L'argent manquait. Ma pension était insuffisante, alors à 71 ans, j'ai repris le travail dans un restaurant : je nettoyais les tables, je faisais la vaisselle. Le soir, je tricotais des écharpes que je vendais au marché. Lentement, péniblement, nous avons retrouvé un rythme. Le chagrin ne nous a jamais quittés ; il a simplement appris à se faire discret.
Un matin, après avoir déposé les enfants à l'école, je suis rentrée chercher mon sac à main oublié et j'ai trouvé un camion de livraison garé devant la maison. Les livreurs transportaient un énorme carton portant simplement l'inscription : « À ma mère ».

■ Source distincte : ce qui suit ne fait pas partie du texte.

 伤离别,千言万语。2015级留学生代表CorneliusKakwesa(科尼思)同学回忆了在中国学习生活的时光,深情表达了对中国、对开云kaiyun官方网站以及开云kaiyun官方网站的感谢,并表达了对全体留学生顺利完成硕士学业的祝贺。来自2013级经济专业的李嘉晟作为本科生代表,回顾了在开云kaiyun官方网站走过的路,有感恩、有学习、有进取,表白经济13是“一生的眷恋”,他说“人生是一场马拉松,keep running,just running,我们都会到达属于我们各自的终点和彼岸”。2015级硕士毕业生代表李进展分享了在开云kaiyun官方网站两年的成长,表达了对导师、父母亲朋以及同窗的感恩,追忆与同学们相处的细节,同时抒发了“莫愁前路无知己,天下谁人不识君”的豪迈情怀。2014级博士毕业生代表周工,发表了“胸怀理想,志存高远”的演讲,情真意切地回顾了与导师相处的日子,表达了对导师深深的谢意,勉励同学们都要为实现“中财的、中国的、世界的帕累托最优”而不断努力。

À l'intérieur se trouvait une lettre écrite de la main de Darla, datée de trois semaines avant sa mort.
« Maman, si ce colis t'est parvenu, c'est que je ne suis plus en vie. »
Elle m'avait écrit que je comprendrais une fois le paquet ouvert. À l'intérieur se trouvaient des dizaines de petites boîtes, chacune étiquetée pour un événement important à venir : les 10 ans de Lily, le premier jour de Ben au collège, les premiers pas de Molly à vélo, les 5 ans de Rosie… jusqu'à ses 18 ans. Darla avait préparé des cadeaux pour chaque moment important.